Rewrite the congruence as an equation with an integer solution. Introduce variables as needed; these are denoted by capital letters. Keep simplifying and rewriting until the fractions are gone.
$$\begin{align} 94z & = 41J + 17 \\ J & = \frac{94z - 17}{41} = 2z + \frac{12z - 17}{41} \\ \text{Let } K & = \frac{12z - 17}{41} \\ \text{Then } z & = \frac{41K + 17}{12} = 3K + \frac{5K + 17}{12} \\ \text{Let } L & = \frac{5K + 17}{12} \\ \text{Then } K & = \frac{12L - 17}{5} = 2L + \frac{2L - 17}{5} \\ \text{Let } M & = \frac{2L - 17}{5} \\ \text{Then } L & = \frac{5M + 17}{2} = 2M + \frac{M + 17}{2} \\ \text{Let } N & = \frac{M + 17}{2} \\ \text{Then } M & = 2N - 17 \end{align}$$
$J$, $K$, $L$, $M$, $N$ all $\in \mathbb N$
Now start plugging back in from bottom up:
$$\begin{align} L & = 2M + \frac{M + 17}{2} \\ & = 2(2N - 17) + \frac{2N - 17 + 17}{2} \\ & = 5N - 34 \\ \\ K & = 2L + \frac{2L - 17}{5} \\ & = 2(5N - 34) + \frac{2(5N - 34) - 17}{5} \\ & = 12N - 85 \\ \\ z & = 3K + \frac{5K + 17}{12} \\ & = 3(12N - 85) + \frac{5(12N - 85) + 17}{12} \\ & = 41N - 289 \end{align}$$
We are given that $x$, $y$, $z$ all $\gt 0$, so $41N \gt 289$, so $N \ge 8$. Pick $N = 8$ because it's the smallest.
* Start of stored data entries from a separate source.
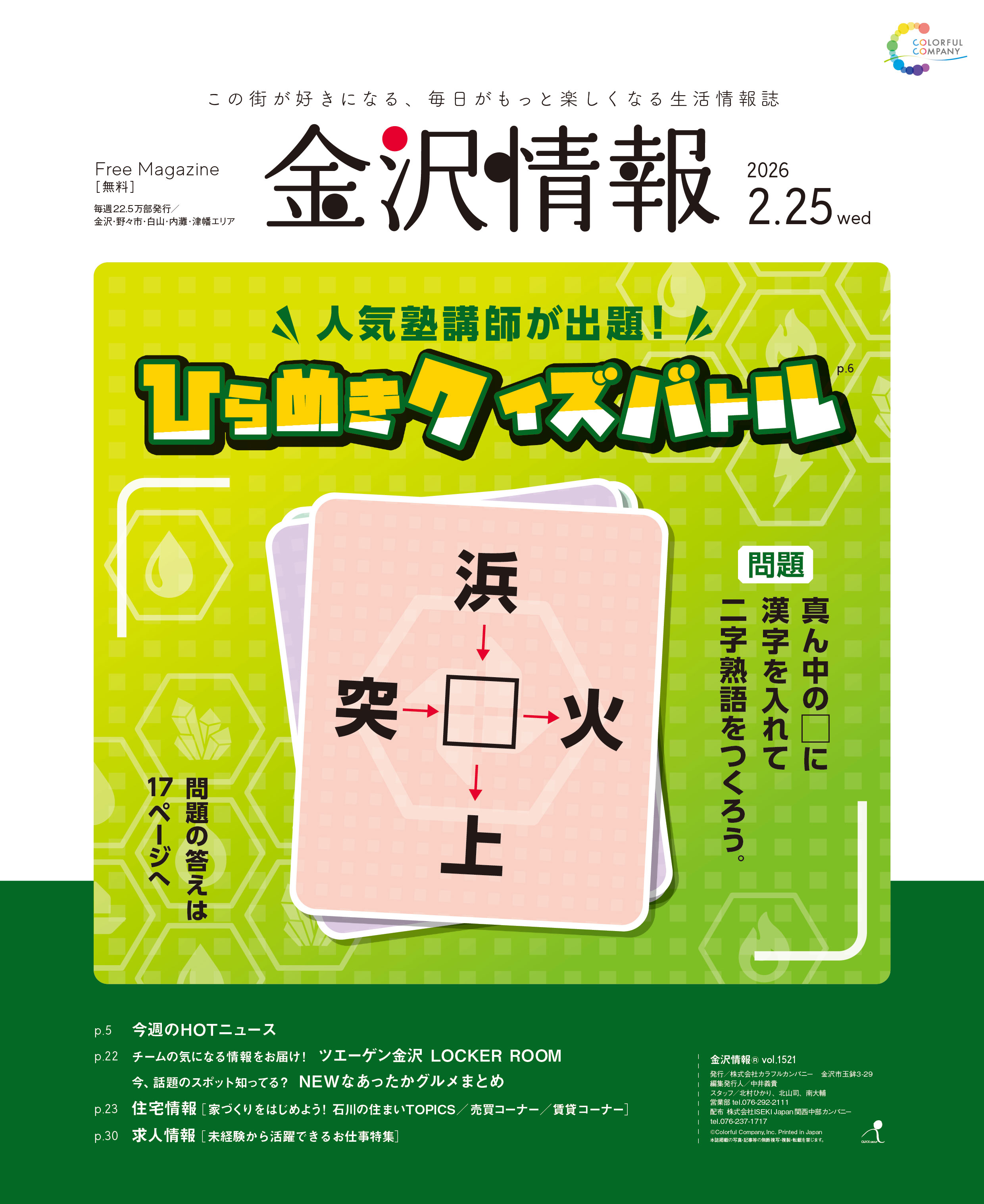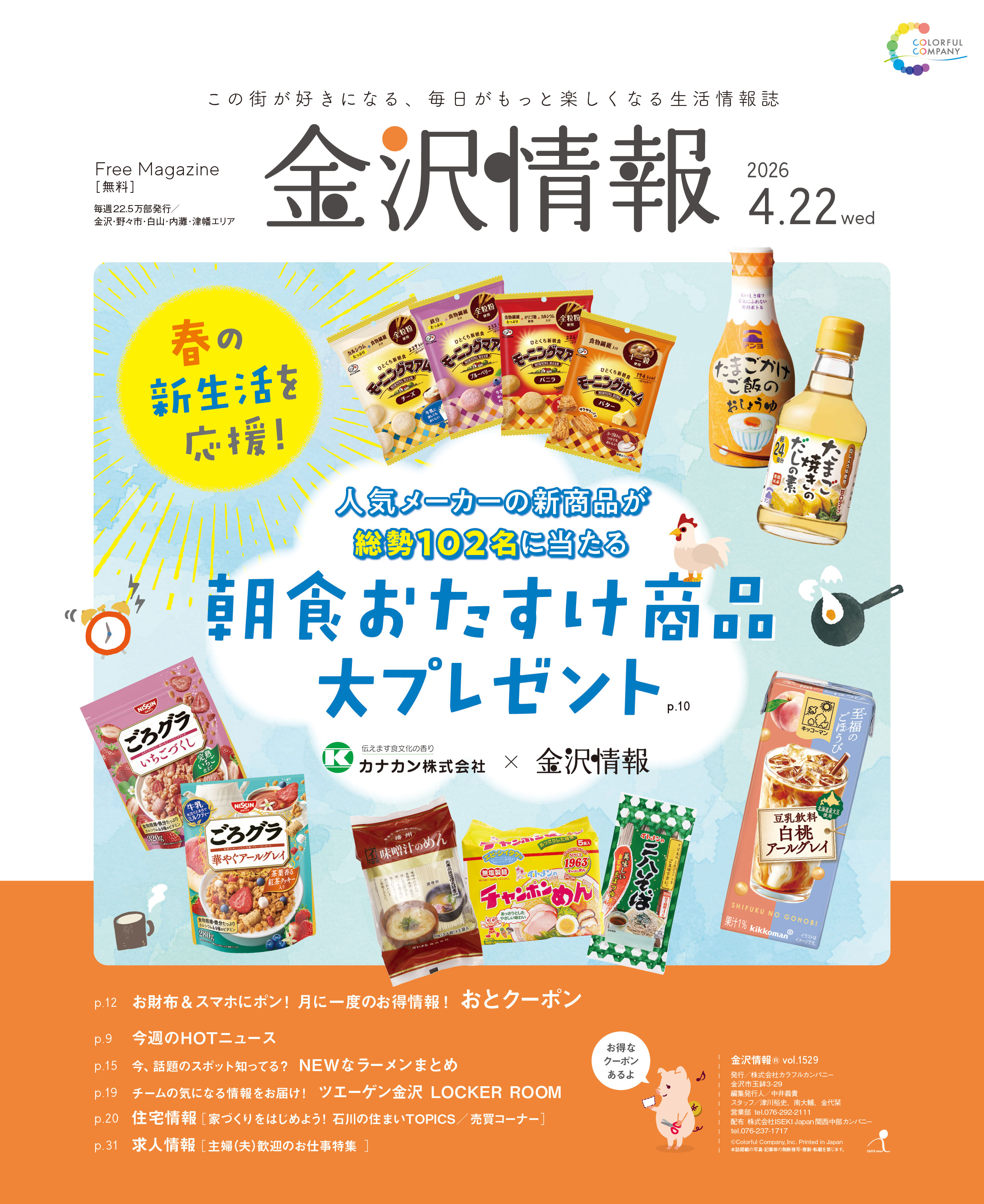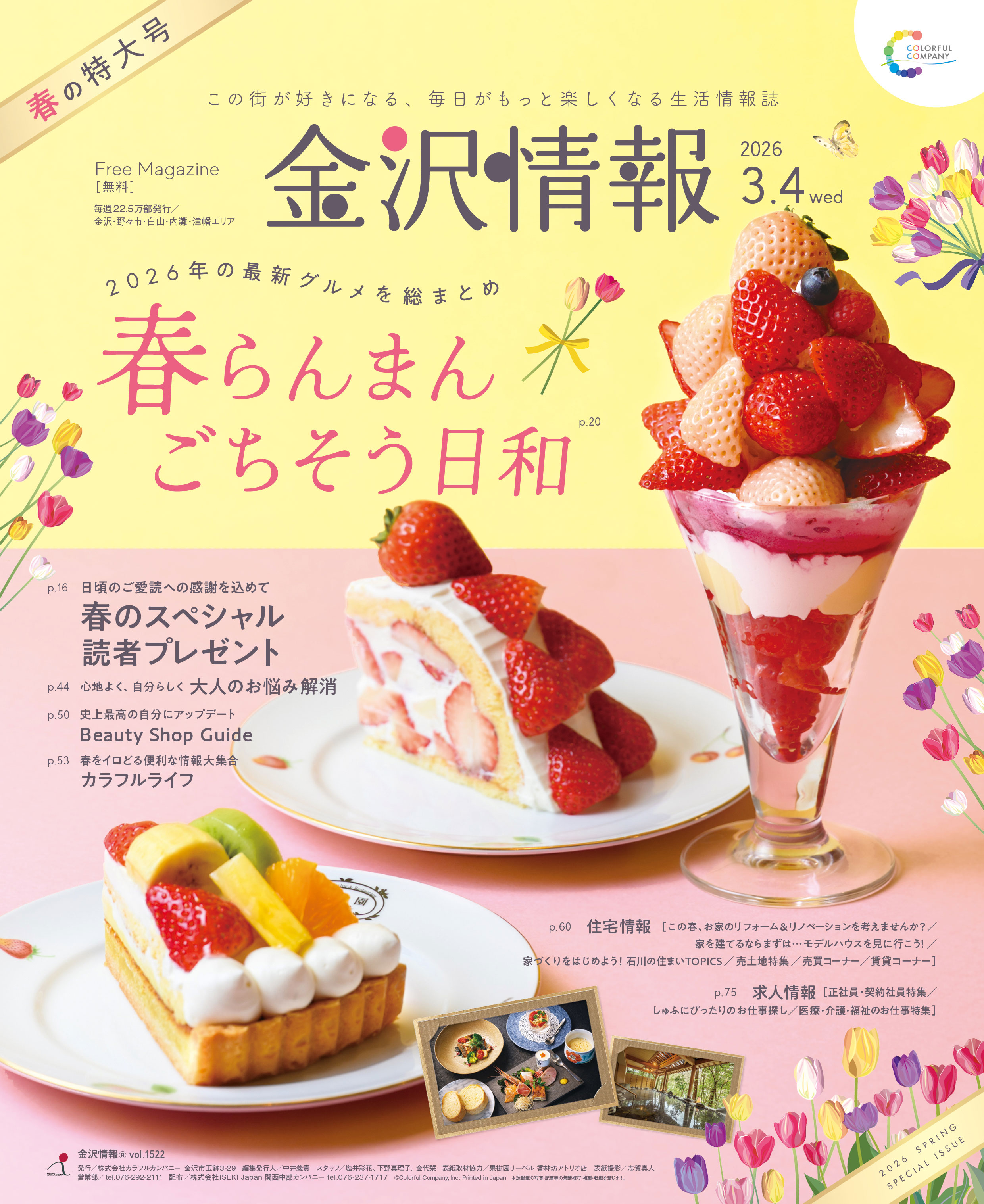 カラフルカンパニーの発行している媒体一覧。フリーマガジン『金沢情報』など、食べる、飲むといった飲食情報はもちろん、その他思わずまちに行きたくなるような情報もりだくさん! 掲載されているお店の一覧や、お得なクーポンを今すぐチェック!
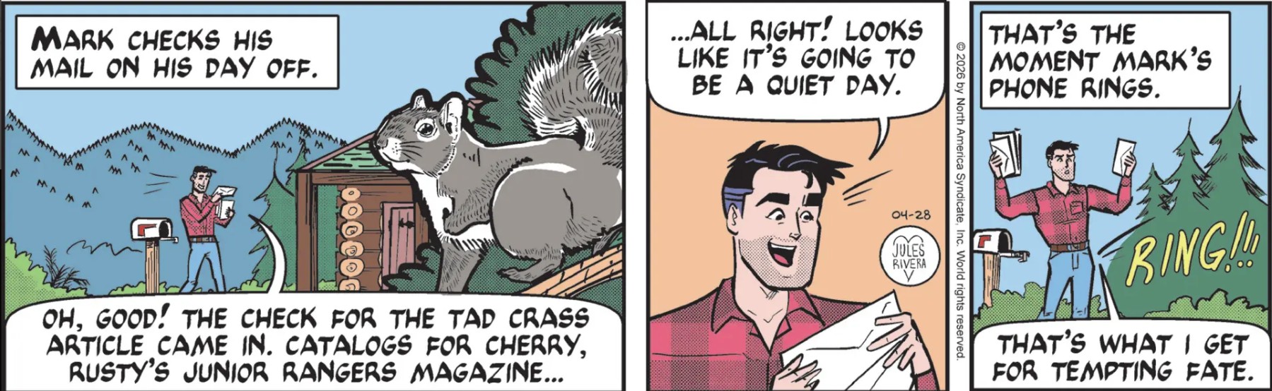 Well, the rest period didn’t take so long, after all. I reckon that the dinner last week took the place of the post-assignment nature walk. It appears that Jules Rivera is wasting no time in getting Mark back in the saddle. While I don’t mind putting myself out on a limb, I wouldn’t be surprised if this phone call had nothing to do with Bill Ellis, but was from somebody in his family. Better yet, it would be a hoot if it was a robocall or solicitation. I don’t know if Rivera has the guts or curiosity to devote a few panels to the idea, but who knows? It could be used to spur a new investigative adventure for Mark.
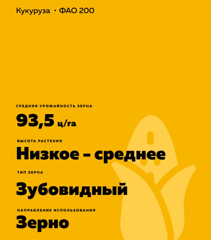 Zea mays L.). Среднеранний. ФАО 200. Высокая устойчивость к полеганию и засухе.
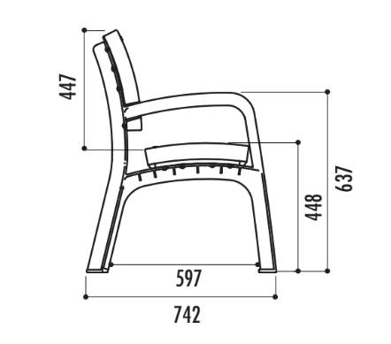 - Dossier , assise et piétement en Polyéthyléne 100% recyclable traité anti UV
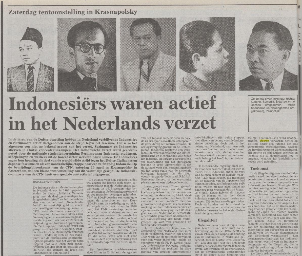 Koran »De Waarheid« edisi 19 april 1985 memuat artikel tentang peran aktif orang Indonesia dalam perlawanan
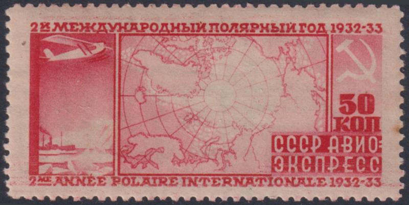 Russia 1932 50K 2nd International Polar Year carmine, p12¼ (Special Arctic Flight). Small mark on perf. SG E591. Cat £55.

Then:
$$\begin{align} N & = 8 \\ \\ z & = 41N - 289 \\ & = 39 \\ \\ y & = \frac{7233 - 94z}{41} \\ & = \frac{7233 - 94(39)}{41} \\ & = 87 \\ \\ x & = 240 - y - z \\ & = 240 - 87 - 39 \\ & = 114 \end{align}$$
Final solution:$$\require\enclose \enclose{box}{ \begin{align} x & = 114 \\ y & = 87 \\ z & = 39 \end{align}}$$
Checking:$$\begin{align} 97x + 56y + 3z & = 97(114) + 56(87) + 3(39) \\ & = 16047 \end{align}$$
If we try $N \ge 9$, we have: $$\begin{align} N & \ge 9 \\ z & = 41N - 289 \\ & \ge 41(9) - 289 \\ & \ge 80 \\ y & = \frac{7233 - 94z}{41} \\ & \le \frac{7233 - 94(80)}{41} \\ & \le -7 \end{align}$$
So the solution above is the only one.
You mention in the comments that you derived a third equation from the first two, $94x+53y= 15327$, and you are looking for solutions where $x,y \in \mathbb{N}$. This is known as a linear Diophantine equation in two variables (with the additional constraint that $x$ and $y$ must be positive). You can find a complete procedure for solving such equations here. If you are curious about why this procedure works or if you find yourself confused by the Wolfram page, a more complete explanation is found in this lecture.